如何使用 openssl 创建 X509 密钥包?
How do I create an X509 Key Bundle using openssl?
什么是问题:
我不确定我 create/validation X509 密钥包的方式。
我做了什么?
我正在尝试使用 OpenSSL 创建 X509 相互身份验证密钥包,能够生成证书和密钥包。以下脚本用于创建包。
mkdir certificate
cd certificate
mkdir certs csr newcerts
touch index.txt
echo "1000" > serial
::Root Certicicate
openssl genrsa -out certs/ca.key.pem 2048
openssl req -config openssl.cnf -key certs/ca.key.pem -new -x509 -days 3650 -sha256 -extensions v3_ca -out certs/ca.crt.pem
openssl x509 -noout -text -in certs/ca.crt.pem
openssl req -x509 -newkey rsa:2048 -keyout key.pem -out cert.pem -days 365
::Certificate 1
openssl genrsa -out certs/intermediate1.key.pem 2048
openssl genpkey -algorithm RSA -out certs/intermediate1.key.pem 2048
openssl req -config openssl.cnf -key certs/intermediate1.key.pem -new -sha256 -out csr/intermediate1.csr.pem -subj "/C=CN/ST=STATE/O=ORG/CN=intermediate1"
openssl ca -config openssl.cnf -batch -extensions usr_cert -days 3750 -notext -md sha256 -in csr/intermediate1.csr.pem -out certs/intermediate1.crt.pem
::Certificate 2
openssl genrsa -out certs/intermediate2.key.pem 2048
openssl genpkey -algorithm RSA -out certs/intermediate2.key.pem 2048
openssl req -config openssl.cnf -key certs/intermediate2.key.pem -new -sha256 -out csr/intermediate2.csr.pem -subj "/C=CN/ST=STATE/O=ORG/CN=intermediate2"
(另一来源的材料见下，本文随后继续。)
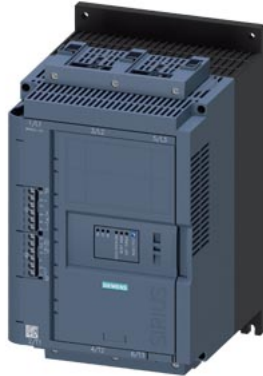
SIRIUS soft starter 200-600 V 63 A, 24 V AC/DC Screw terminals Analog output
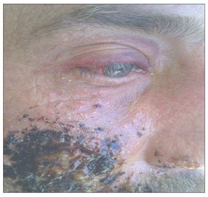
Fig. 3. Redness in the right eye, swelling in the right-lower eyelid of the patient

hemorrhage was detected. After the optometry, symptomatic treatment was suggested. After decreasing of complaints, the patient was discharged with suggestion ophthalmology and plastic surgery control on day two of follow-up.

openssl ca -config openssl.cnf -batch -extensions usr_cert -days 3750 -notext -md sha256 -in csr/intermediate2.csr.pem -out certs/intermediate2.crt.pem
::Chain the certificate
cat certs/intermediate1.crt.pem certs/ca.crt.pem > certs/ca-chain.cert.pem
cat certs/intermediate2.crt.pem certs/ca.crt.pem > certs/ca-chain.cert.pem
我是如何验证的?
我不知道确切地验证。请在这方面提供帮助。
尝试过哪些其他解决方案?
论坛专家如何提供帮助?
我坚信自己在没有任何结论的情况下绕着解决方案转,感觉自己很愚蠢。在创建密钥 Bundle/Validate 的视图中,我真的需要专家建议使用任何 public muauth 服务器或任何其他方法关闭它。
ca链证书
您使用的 cat 不正确。这样第二个中间证书将覆盖第一个,而不是附加到它。此外,您的根证书不属于链中,因为这是您要验证的内容。你应该这样做:
cat certs/intermediate1.crt.pem certs/intermediate2.crt.pem > certs/ca-chain.cert.pem
然后根据 CA 证书进行验证,或者简单地:
cat certs/intermediate1.crt.pem certs/intermediate2.crt.pem | openssl verify -CAfile certs/ca.crt.pem
什么是问题:
我不确定我 create/validation X509 密钥包的方式。
我做了什么?
我正在尝试使用 OpenSSL 创建 X509 相互身份验证密钥包,能够生成证书和密钥包。以下脚本用于创建包。
mkdir certificate
cd certificate
mkdir certs csr newcerts
touch index.txt
echo "1000" > serial
::Root Certicicate
openssl genrsa -out certs/ca.key.pem 2048
openssl req -config openssl.cnf -key certs/ca.key.pem -new -x509 -days 3650 -sha256 -extensions v3_ca -out certs/ca.crt.pem
openssl x509 -noout -text -in certs/ca.crt.pem
openssl req -x509 -newkey rsa:2048 -keyout key.pem -out cert.pem -days 365
::Certificate 1
openssl genrsa -out certs/intermediate1.key.pem 2048
openssl genpkey -algorithm RSA -out certs/intermediate1.key.pem 2048
openssl req -config openssl.cnf -key certs/intermediate1.key.pem -new -sha256 -out csr/intermediate1.csr.pem -subj "/C=CN/ST=STATE/O=ORG/CN=intermediate1"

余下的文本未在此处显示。